Data items:
--------------------------------------------------
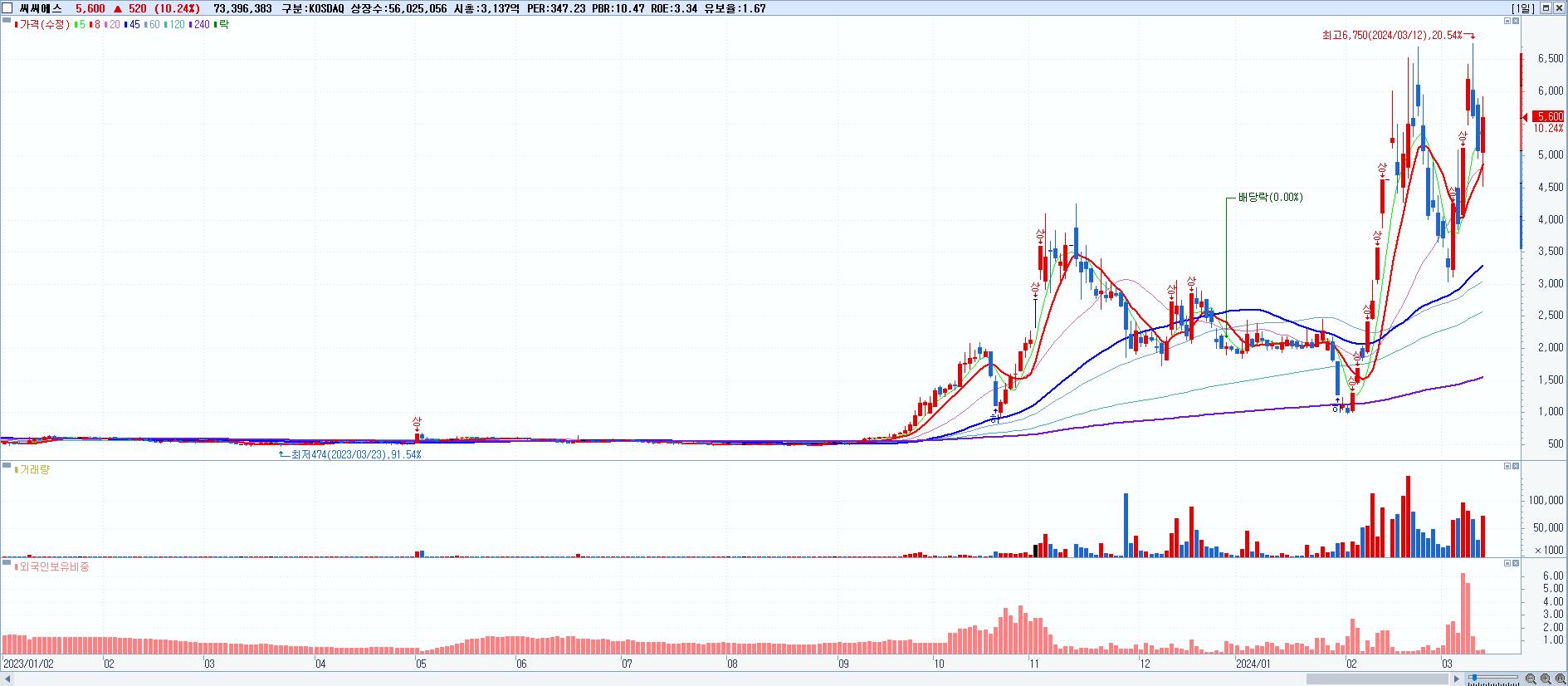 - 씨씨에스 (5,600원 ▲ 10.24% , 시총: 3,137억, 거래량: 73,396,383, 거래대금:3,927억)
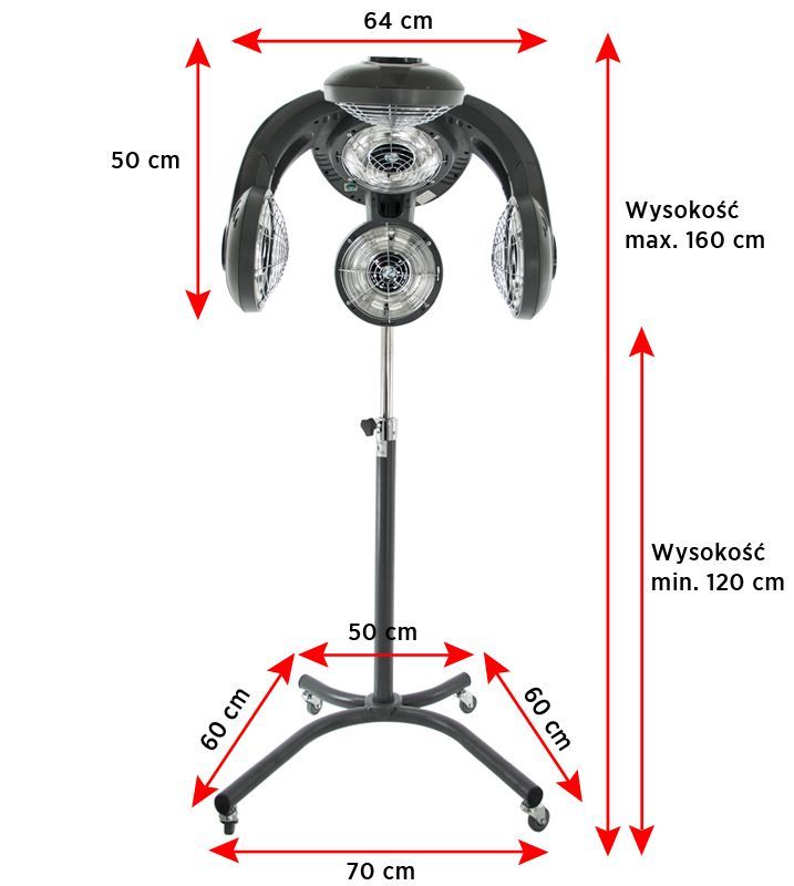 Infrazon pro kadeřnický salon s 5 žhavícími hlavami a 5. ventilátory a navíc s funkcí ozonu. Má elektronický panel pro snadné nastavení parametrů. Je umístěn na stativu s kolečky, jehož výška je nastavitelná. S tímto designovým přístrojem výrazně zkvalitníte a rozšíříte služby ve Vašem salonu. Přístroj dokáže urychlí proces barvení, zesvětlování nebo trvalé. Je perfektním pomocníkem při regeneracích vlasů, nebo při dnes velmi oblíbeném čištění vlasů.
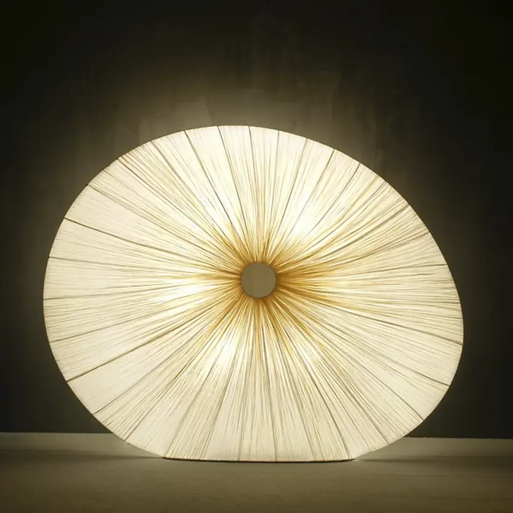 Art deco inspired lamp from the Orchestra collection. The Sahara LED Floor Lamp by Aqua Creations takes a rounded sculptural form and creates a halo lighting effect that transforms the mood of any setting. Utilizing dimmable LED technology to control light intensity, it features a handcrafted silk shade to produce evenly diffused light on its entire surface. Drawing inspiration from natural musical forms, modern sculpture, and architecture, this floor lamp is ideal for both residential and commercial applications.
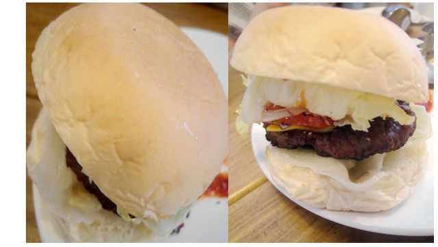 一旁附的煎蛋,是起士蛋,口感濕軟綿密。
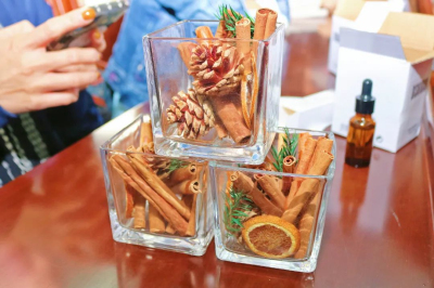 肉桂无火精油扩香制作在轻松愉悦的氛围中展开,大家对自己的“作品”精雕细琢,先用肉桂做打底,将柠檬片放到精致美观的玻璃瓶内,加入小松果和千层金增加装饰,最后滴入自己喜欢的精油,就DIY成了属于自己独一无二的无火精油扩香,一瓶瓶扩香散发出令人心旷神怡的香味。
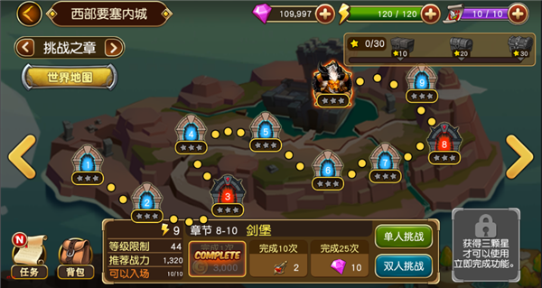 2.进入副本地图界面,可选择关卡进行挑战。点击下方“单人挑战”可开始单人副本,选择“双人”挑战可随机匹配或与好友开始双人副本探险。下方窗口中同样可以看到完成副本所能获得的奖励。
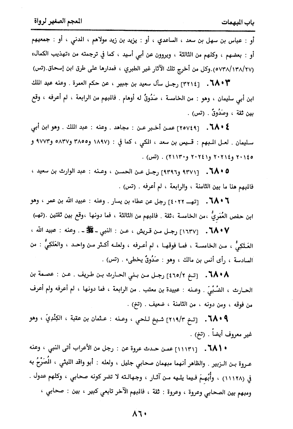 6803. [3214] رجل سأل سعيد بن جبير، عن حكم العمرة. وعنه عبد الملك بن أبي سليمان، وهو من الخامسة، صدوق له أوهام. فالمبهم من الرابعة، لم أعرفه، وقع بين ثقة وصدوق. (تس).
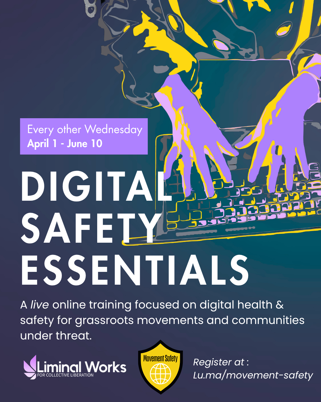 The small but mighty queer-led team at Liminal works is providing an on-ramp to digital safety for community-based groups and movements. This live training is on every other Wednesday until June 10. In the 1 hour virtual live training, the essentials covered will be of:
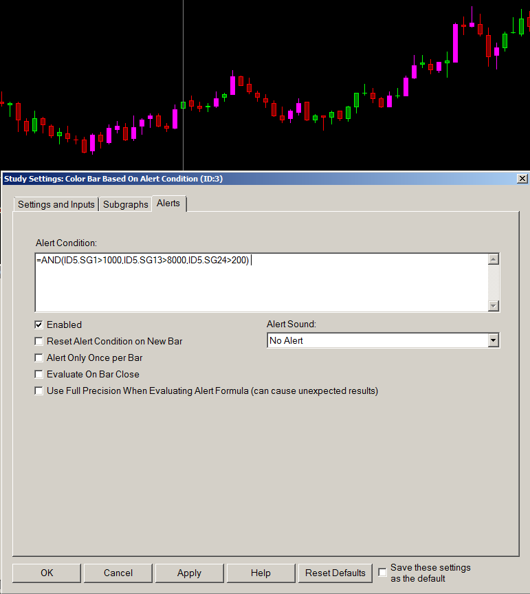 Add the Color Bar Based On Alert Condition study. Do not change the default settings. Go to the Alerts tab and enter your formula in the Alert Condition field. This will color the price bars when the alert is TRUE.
--------------------------------------------------
Work order
Repeat the records word for word. Any picture in them should be left out.

Result of the exercise
 - 씨씨에스 (5,600원 ▲ 10.24% , 시총: 3,137억, 거래량: 73,396,383, 거래대금:3,927억)
 Infrazon pro kadeřnický salon s 5 žhavícími hlavami a 5. ventilátory a navíc s funkcí ozonu. Má elektronický panel pro snadné nastavení parametrů. Je umístěn na stativu s kolečky, jehož výška je nastavitelná. S tímto designovým přístrojem výrazně zkvalitníte a rozšíříte služby ve Vašem salonu. Přístroj dokáže urychlí proces barvení, zesvětlování nebo trvalé. Je perfektním pomocníkem při regeneracích vlasů, nebo při dnes velmi oblíbeném čištění vlasů.
 Art deco inspired lamp from the Orchestra collection. The Sahara LED Floor Lamp by Aqua Creations takes a rounded sculptural form and creates a halo lighting effect that transforms the mood of any setting. Utilizing dimmable LED technology to control light intensity, it features a handcrafted silk shade to produce evenly diffused light on its entire surface. Drawing inspiration from natural musical forms, modern sculpture, and architecture, this floor lamp is ideal for both residential and commercial applications.
 一旁附的煎蛋,是起士蛋,口感濕軟綿密。
 肉桂无火精油扩香制作在轻松愉悦的氛围中展开,大家对自己的“作品”精雕细琢,先用肉桂做打底,将柠檬片放到精致美观的玻璃瓶内,加入小松果和千层金增加装饰,最后滴入自己喜欢的精油,就DIY成了属于自己独一无二的无火精油扩香,一瓶瓶扩香散发出令人心旷神怡的香味。
 2.进入副本地图界面,可选择关卡进行挑战。点击下方“单人挑战”可开始单人副本,选择“双人”挑战可随机匹配或与好友开始双人副本探险。下方窗口中同样可以看到完成副本所能获得的奖励。
 6803. [3214] رجل سأل سعيد بن جبير، عن حكم العمرة. وعنه عبد الملك بن أبي سليمان، وهو من الخامسة، صدوق له أوهام. فالمبهم من الرابعة، لم أعرفه، وقع بين ثقة وصدوق. (تس).
 The small but mighty queer-led team at Liminal works is providing an on-ramp to digital safety for community-based groups and movements. This live training is on every other Wednesday until June 10. In the 1 hour virtual live training, the essentials covered will be of:
 Add the Color Bar Based On Alert Condition study. Do not change the default settings. Go to the Alerts tab and enter your formula in the Alert Condition field. This will color the price bars when the alert is TRUE.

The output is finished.